Morgens um 8:00 Uhr sollte es pünktlich losgehen. Die 22 Schüler des Bio Leistungskurses warteten gespannt auf die Ankunft der Studenten, die zusammen mit dem Kursleiter Herrn Roman Quäl im Rahmen des Projektes „Science Bridge“, ein Molekulargenetisches Praktikum mit den Schüler/innen durchführen wollten. Mit im Gepäck hatten die Studenten verschiedenste Chemikalien und spezielle Gerätschaften (Ultrazentrifuge, Thermocycler usw.), die für die Versuche benötigt wurden. Nach kurzer Einweisung in die Materie, und erstem Vertraut machen mit den Geräten ging es los.

Die Schüler analysierten von einer eigenen Mundschleimhautprobe die DNA- Sequenz eines nichtcodierenden DNA-Abschnittes, sogenannter Mikrosatelliten (hier: D1S80-Locus). Da diese Abschnitte bei jedem Menschen so unterschiedlich ausfallen können wie ein Fingerabdruck, nennt man dies „genetischer Fingerabdruck“. Zur Analyse dieses „Fingerabdrucks“ reichen schon sehr geringe Mengen DNA aus, wie man es eben aus diversen Krimis kennt: Der Täter verliert eine Haut-, Haarwurzel- oder Blutzelle und schon könnte er im günstigsten Falle überführt werden. Was im Film jedoch so schnell und einfach geht, benötigt in der Realität ein ganzes Stück Arbeit und viel Zeit. Das konnten wir in diesem 8 stündigen Praktikum im wahrsten Sinne des Wortes am eigenen Leib erfahren.

Nach Entnahme der DNA Probe aus unseren Mundschleimhautzellen, wurden diese einige Minuten zentrifugiert. Die zentrifugierten Zellen bilden ein so genanntes Pellet, in dem allerdings noch alle Bestandteile aller Zelle enthalten sind. Für den genetischen Fingerabdruck wird allerdings nur die im Zellkern enthaltene DNA benötigt. Um an diese zu gelangen, wurde die Zellmembran mittels eines so genannten Lysepuffers aufgelöst.

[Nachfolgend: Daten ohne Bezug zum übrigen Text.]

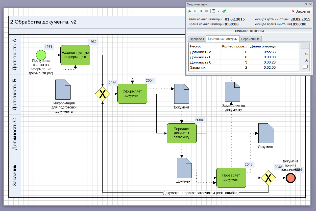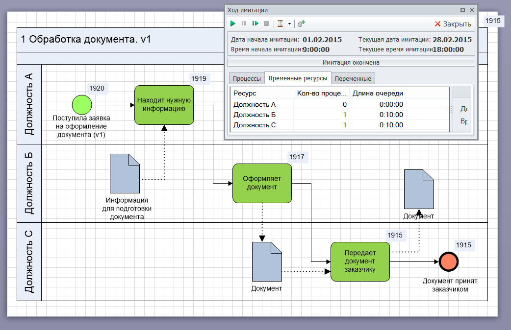 Посмотрим теперь, что будет в реальной ситуации. Для этого опишем рассматриваемый бизнес-процесс и проведем его имитационное моделирование в среде Business Studio 4.0. Для начала, пусть на каждой должности находится по одному сотруднику.
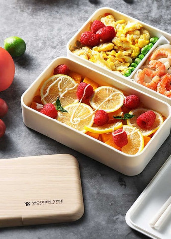 Наслаждайтесь вкусной и полезной домашней едой, берите её с собой на работу, учёбу, в поездки... Ланч бокс 1200 мл Wooden поможет вам идеально организовать ваш перекус. Контейнер для еды имеете два больших слоя, не предназначен для жидких блюд, но подойдёт для гарниров, вторых блюд, салатов..., в комплекте ложка и палочки. Два слоя ланч бокса объединяются с помощью резинки Bento, можно брать с собой один или 2 этажа. Можно греть в микроволновке и мыть в посудомоечной машине без крышки. Характеристики ланч-бокса: Материал: пищевой пластик Размер: 18.5х10х 0.5 cм Обьем: 1200 мл
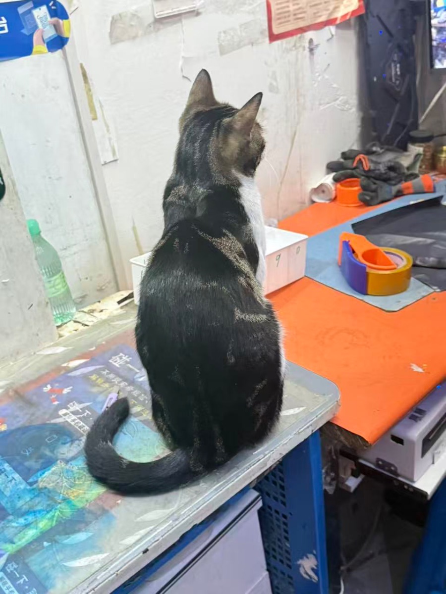 去快递站取件,一进门就看见这只小猫蹲在操作台边,背对着人,安安静静地望着忙碌的快递小哥。它的皮毛是黑棕相间的虎斑纹,胸口缀着一小撮白,尾巴慢悠悠地绕着桌沿,像个守在驿站的小监工。快递站里满是胶带的嘶啦声、扫码的滴滴声,还有包裹搬运的响动,可它却全然不受打扰,只是定定地坐着,偶尔动动耳朵,仿佛在认真观察这市井里的烟火日常。伸手想轻轻摸它,它只是微微偏头,依旧保持着那份疏离的可爱。在满是奔波气息的快递站,撞见这样一只慵懒的小猫,像捡到了市井生活里一颗软乎乎的糖。
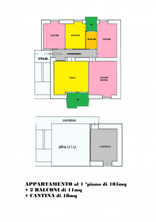 Appartamento circondato dal verde al 1° piano di 105mq di superficie coperta, oltre a 2 Balconi e Cantina di 18mq.
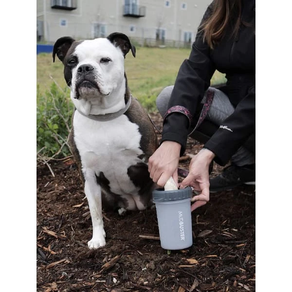 The Dexas MudBuster is a new, innovative and easy way to rinse your dog’s dirty or muddy paws, before they track it all over the house! Using the MudBuster is easy: muddy paws go in, clean paws come out! To use, add a little water to the base of the Mud Buster. Then, insert the muddy paw, do the twist, dab the paw dry, and repeat for 3 more feet! The Mud Buster features an array of soft, gentle, thick silicone bristles inside an easy-to-grip tumbler. Designed to be gentle on your dog’s paw, the silicone bristles will gently loosen mud and dirt, keeping the mess in the MudBuster and not in your home or car. The Mud Buster is great for trips to the park, hiking, running or even playing outside. The Small MudBuster is specially sized for small and toy breeds. BPA free!
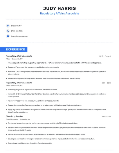 Build a professional regulatory affairs associate resume in minutes. Browse through our resume examples to identify the best way to word your resume. Then choose from 5+ resume templates to create your regulatory affairs associate resume.
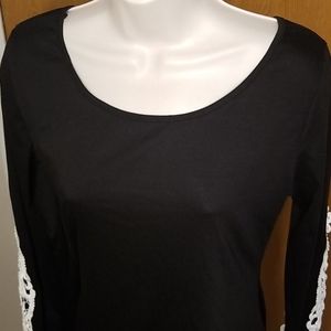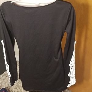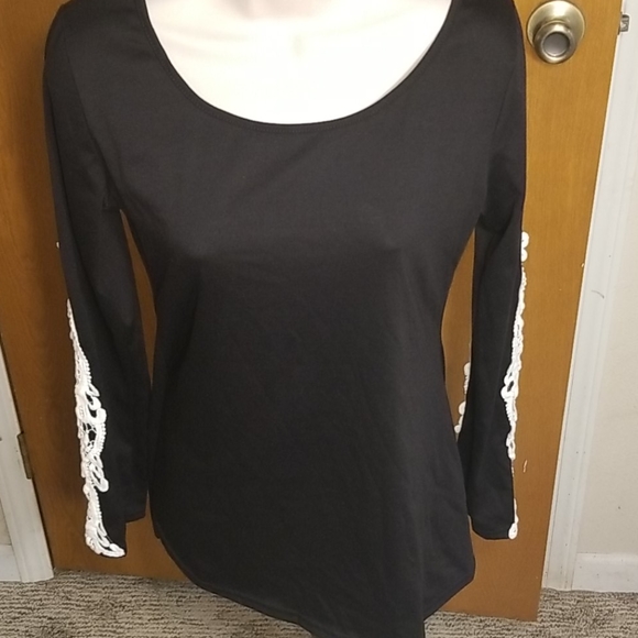 Black long sleeve top rounded neck in this is a longer time period on the sleeves it has white Crocheted lace Korea super cute top and super soft
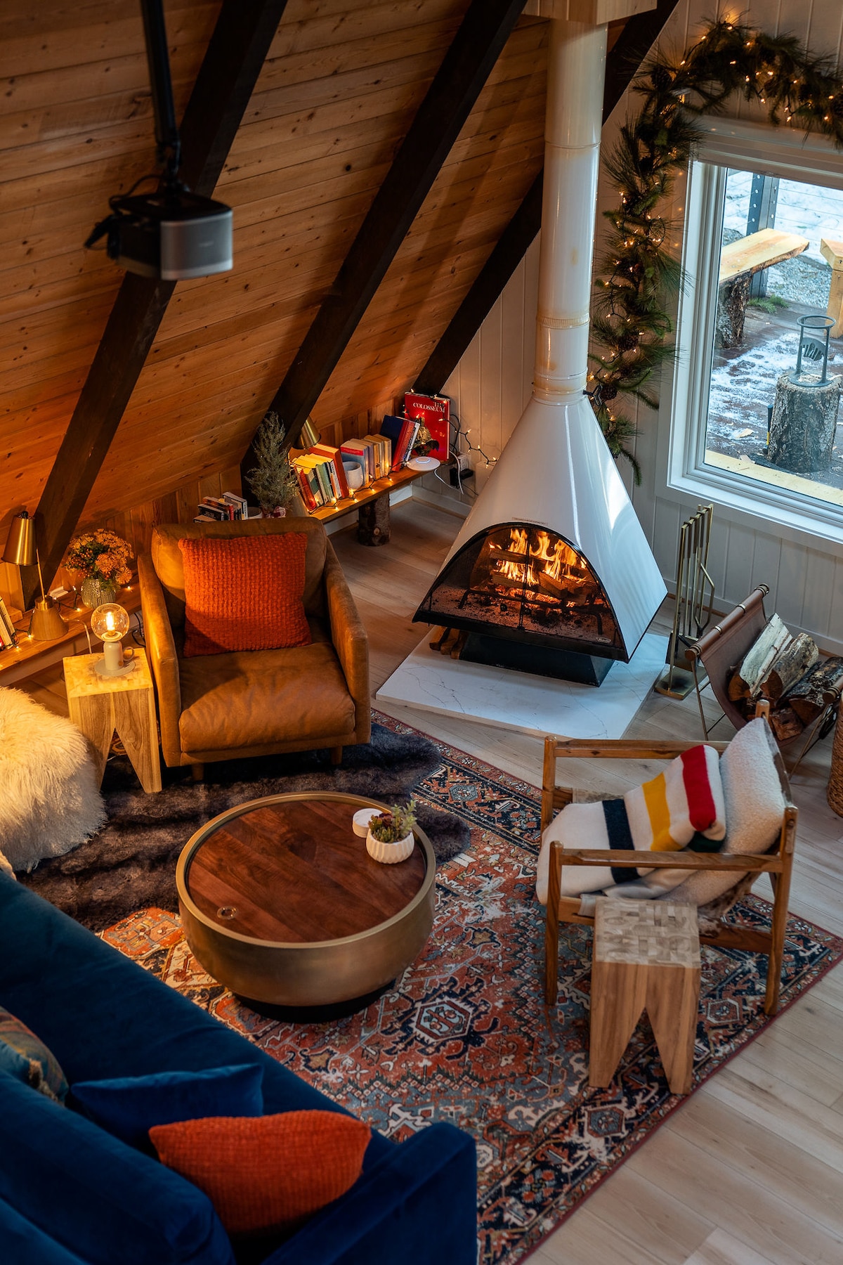 Heitur pottur, gufubað, sedrussturtu, king-size rúm og rafmagnsbíll
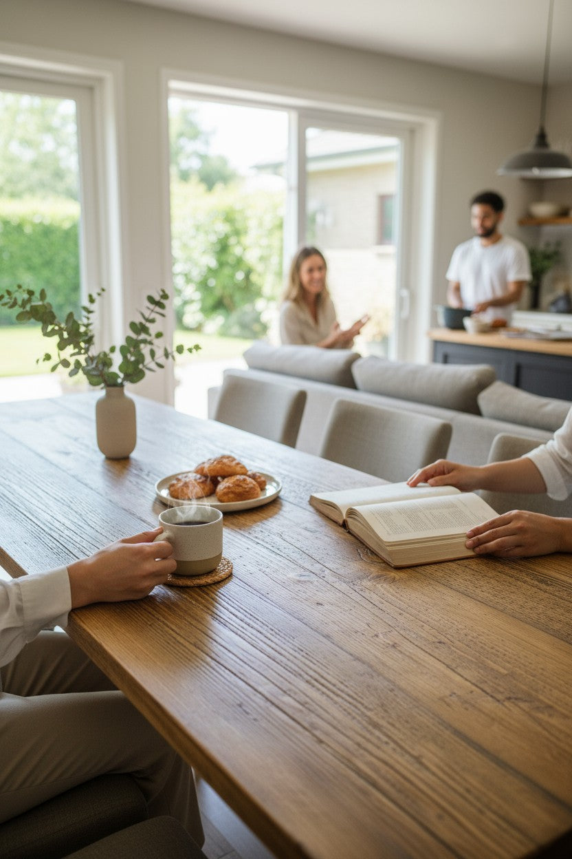 Reclaimed pine is full of natural character, with warm tones, knots, and timeworn marks that create stunning table surfaces. It's an eco-friendly choice that helps reduce waste while bringing authentic character to your dining or workspace.

Da man aber nur die DNA haben will, musste man diese in mehreren Schritten isolieren.

Nach einer letzten Waschung der DNA mit Ethanol und anschließender Trocknung, kamen wir zu einem der wichtigsten Schritte, der PCR (PCR=polymerase-chain-reaction).

Bei der Polymerase-Ketten-Reaktion wird das gewünschte DNA-Stück millionenfach kopiert. Hierzu mussten wir zunächst bestimmte Reagenzien hinzu geben Die DNA- Probe wurde anschließend in die PCR-Maschine gestellt, welche die Probe in über 30 Zyklen immer wieder erhitzt und abkühlt und so die gewünschte DNA-Sequenz mittels enzymatischer Reaktionen millionenfach vervielfältigt.

Nach der PCR nahmen wir den nächsten Schritt in Angriff, die Gelelektrophorese. Hierzu pipettierten wir unsere DNA-Proben mit zugesetzten Farbstoffen, welche für die spätere  Auswertung notwendig sind, in die Geltaschentaschen des speziellen Gelelektrophorese-Gels.

Die Gelelektrophorese selbst arbeitete folgendermaßen: Die negativ elektrisch geladenen DNA-Moleküle wandern im elektrischen Feld in Richtung Pluspol und legen dabei in einer bestimmten Zeit eine bestimmte Strecke zurück. Wegen ihrer unterschiedlichen Länge wandern die Stücke unterschiedlich weit. Stücke mit der gleichen Länge wandern gleich weit. Sie lagern sich an bestimmten Punkten ab und bilden eine so genannte Bande, einen Streifen, der dank der Einfärbung unter UV-Licht deutlich sichtbar wird. So entsteht ein typisches Streifenmuster, an dem die Unterschiede in den einzelnen DNA-Sequenzen sichtbar werden. Letztendlich lässt dich so der Genetische Fingerabdruck eines Menschen ablesen bzw. vergleichen und identifizieren

Das praktische Arbeiten im molekulargenetischen Bereich hat uns interessante Einblicke in die Welt der Laborarbeiten gegeben.